Justinian Jessup (born May 23, 1998) is an American professional basketball player who played for the Basket Zaragoza of the Liga ACB. He played college basketball for the Boise State Broncos.  Jessup was selected by the Golden State Warriors as the 51st overall pick of the 2020 NBA draft.

Early life and high school career
Jessup lived in Boise during fourth and fifth grades and played club basketball under former Bronco basketball player Roberto Bergersen. He spent long hours in the gym as a small child improving his basketball game.

Jessup lettered four years at Longmont High School. As a junior, he led the team in every major statistical category with averages of 17.0 points, 4.5 rebounds, 2.5 assists, and 3.2 steals per game while leading Longmont to the state title game. He was named the 2015 Colorado 4A Player of the Year, Northern League Athlete of the Year, and was selected to the all-state first team.

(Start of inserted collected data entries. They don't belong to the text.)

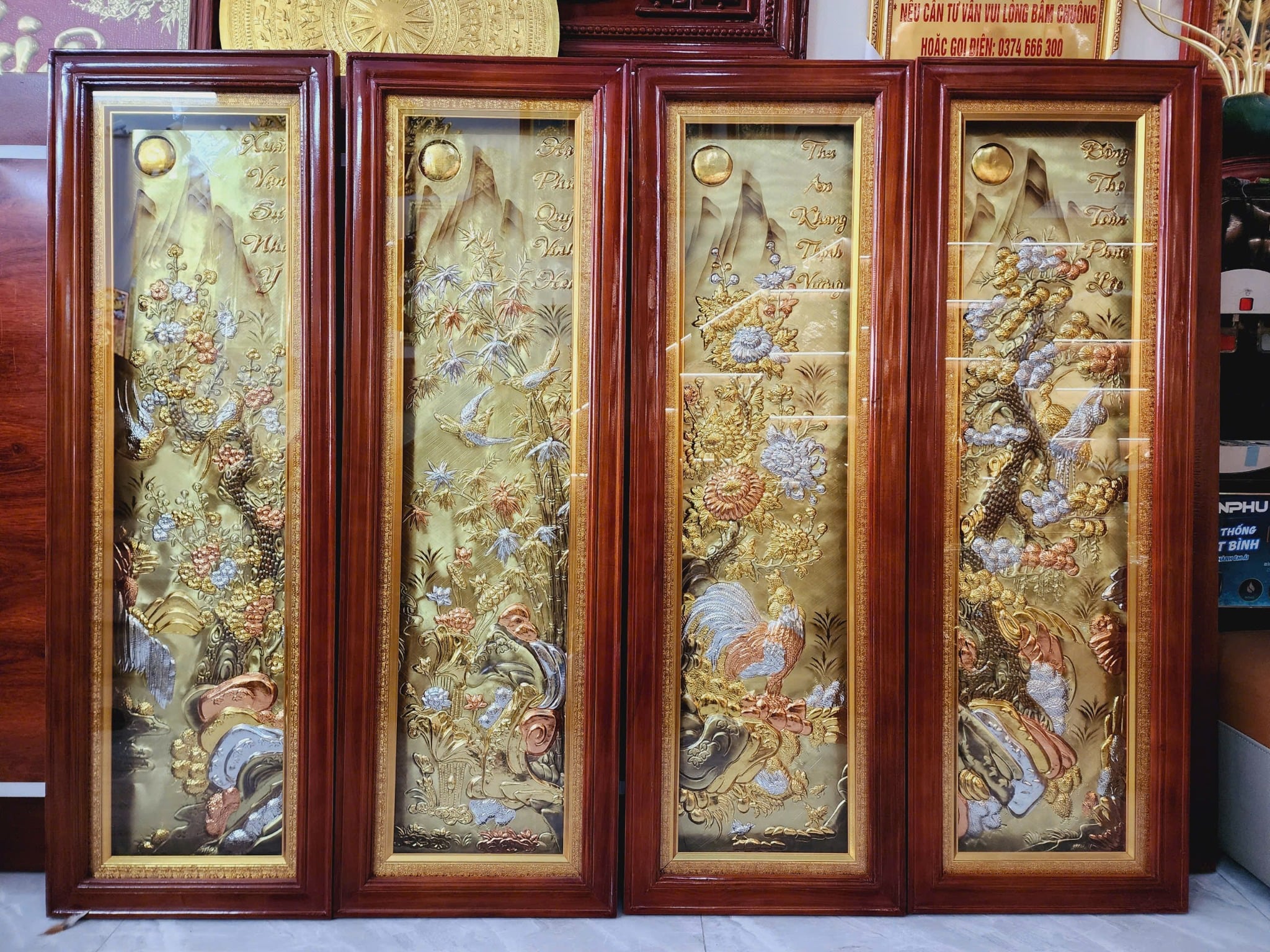 • Nhắc đến tranh tứ quý bằng đồng thì người ta nghĩ ngay đến bốn mùa trong năm đó là Xuân - Hạ - Thu- Đông. Tranh tứ quý bằng đồng chính là loại tranh theo bộ, chúng sẽ bao gồm 4 bức. Mỗi bức tranh là một loài cây, loài hoa quý đại diện cho một mùa trong năm. Ví như:
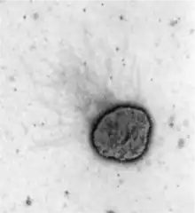| Electron micrograph of Methanococcus maripaludis' showing prominent archaella features and interior body. Courtesy of Dr. Ken F. Jarrell and Shin-Ichi Aizawa. Mag bar of 500nm. | |
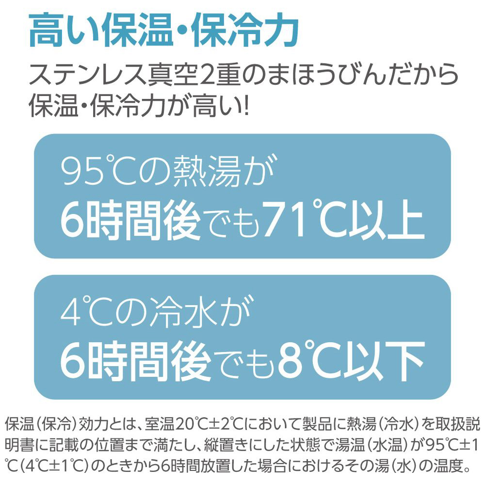 ・ステンレス真空2重のまほうびんだから保温・保冷力が高い!
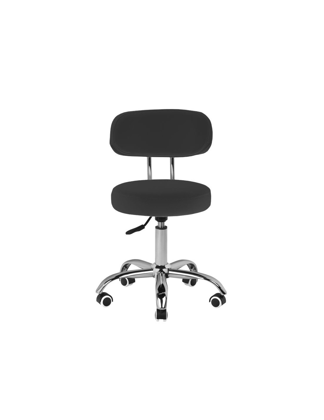 Comodo sgabello cosmetico in pelle ecologica, ideale per la pedicure. Struttura stabile su base a cinque razze, con rotelle gommate, disponibile in nero. Altezza controllata idraulicamente.
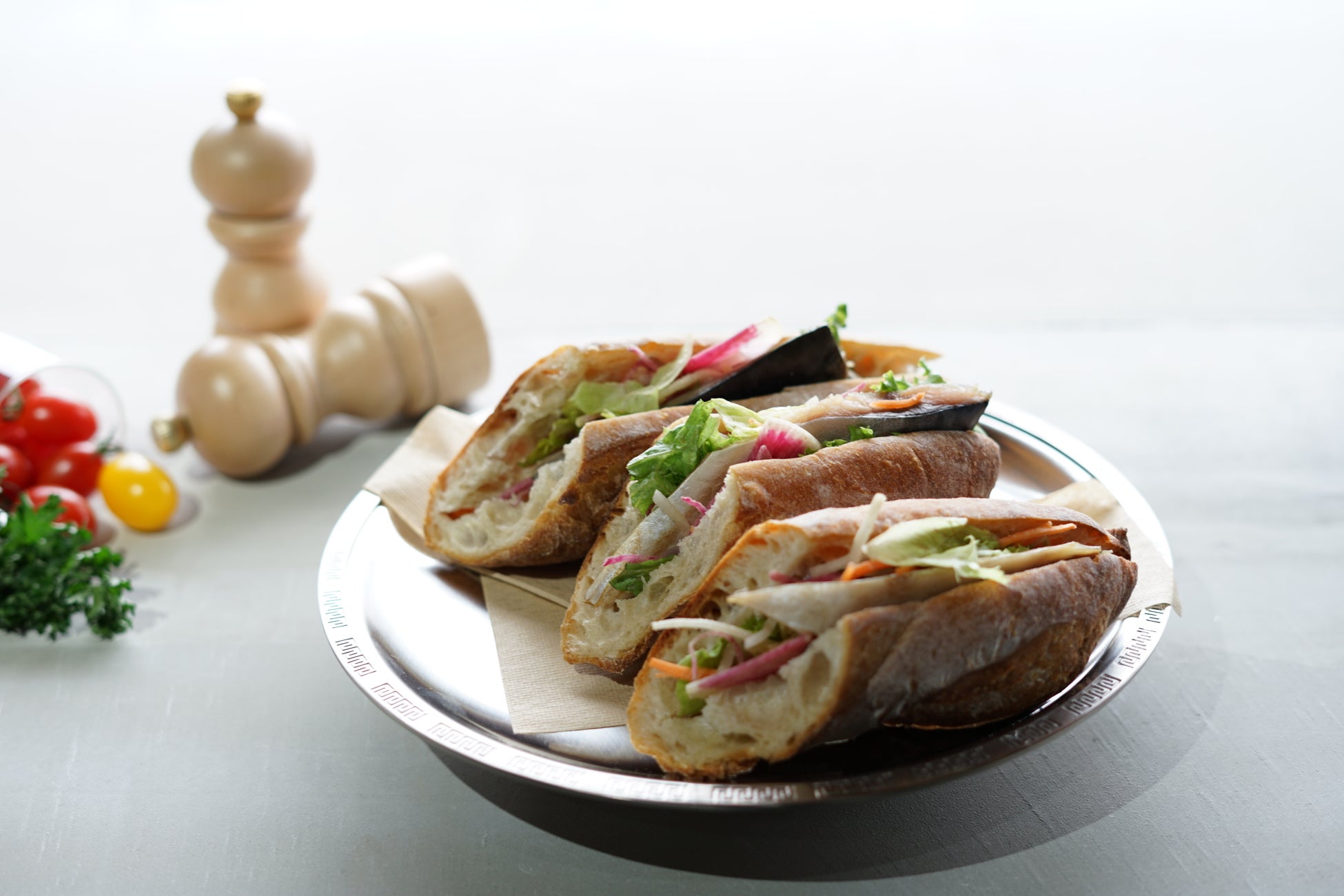 1日目2日目の昼食では地元の干物を使ったサバサンド、熱海にある洋食屋さんのサンドイッチなど、作業の合間に食べられるかたちで提供します。2日目の朝食には併設の薬膳喫茶メニューから中華粥をお召し上がりいただきます。
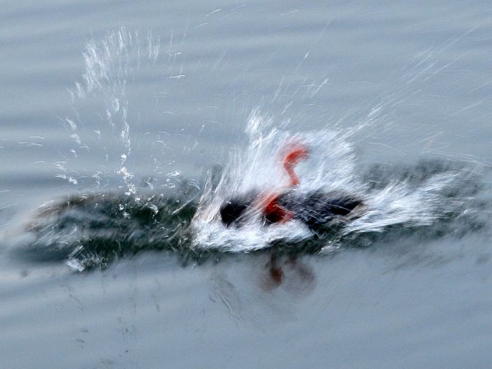2007年 カルガモ 009 戻る 撮影(01/27) 掲載(01/31) 「065」と同じカルガモかどうかは忘れましたが、ばたばたと大きな音を立てな がら、激しい水浴をしていることは、どの川や池でも普通に観られる行為でしょう し、そういう場合には、こういう格好になっている瞬間もあるだろうと思います。 Canon) EOS Kiss Digital X EF 300mm F4L IS USM
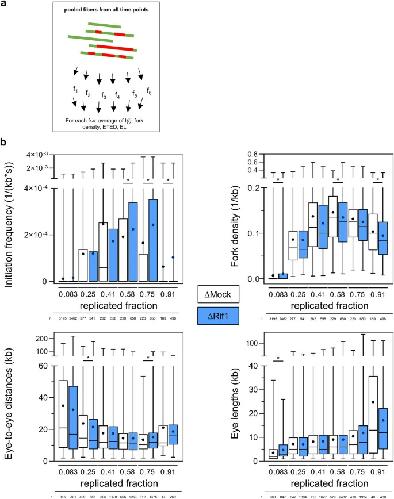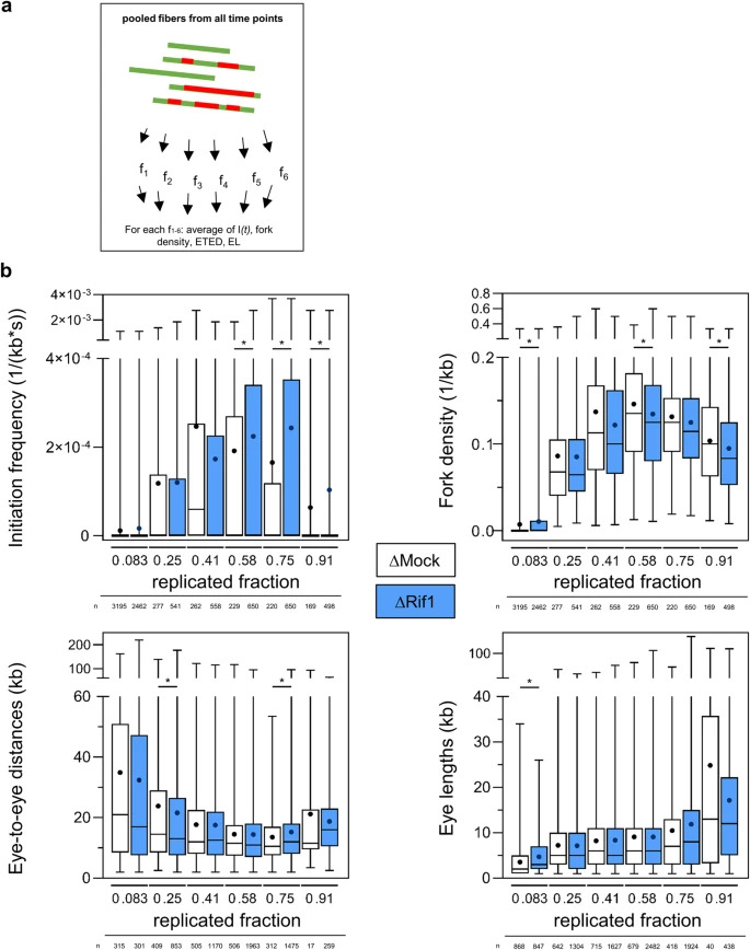a Principle of analysis: All DNA fibers were grouped into six classes according to their replicated fraction f1-f6. b Box and whisker plots for initiation frequency (I(f)), fork density, ETED and EL after Mock and Rif1 depletion for each replicated fraction class, with medians (black lines) and means (black points), upper and lower quartiles, min and max, n indicated below, * indicates significant difference, Mann–Whitney U test, two-sided.

In his senior season, he was ranked the No. 8 prospect in Colorado. He signed his letter of intent to play for Boise State on September 12, 2015. He averaged 18.3 points and 4.9 rebounds per game and led Longmont to a 25–2 record, while once again being selected to the all-state first team and named the Northern League Athlete of the Year.

College career
In his first nine games for Boise State, Jessup averaged 9.4 points per game. He scored 20 points in a win over Presbyterian, becoming the 11th Bronco freshman to score 20 points in a game. Jessup's play drew comparison to former Boise State player Anthony Drmic. “His feel for the game is so good, and he’s a worker,” coach Leon Rice said.

Jessup averaged 15.0 points per game in the first nine games of his sophomore season and led the team to an 8–1 start. Jessup was publicly reprimanded after his role in a court scuffle in a win against New Mexico on February 6, 2018. He averaged 11.6 points per game as the second option behind Chandler Hutchison and hit 46 percent of his three-point attempts.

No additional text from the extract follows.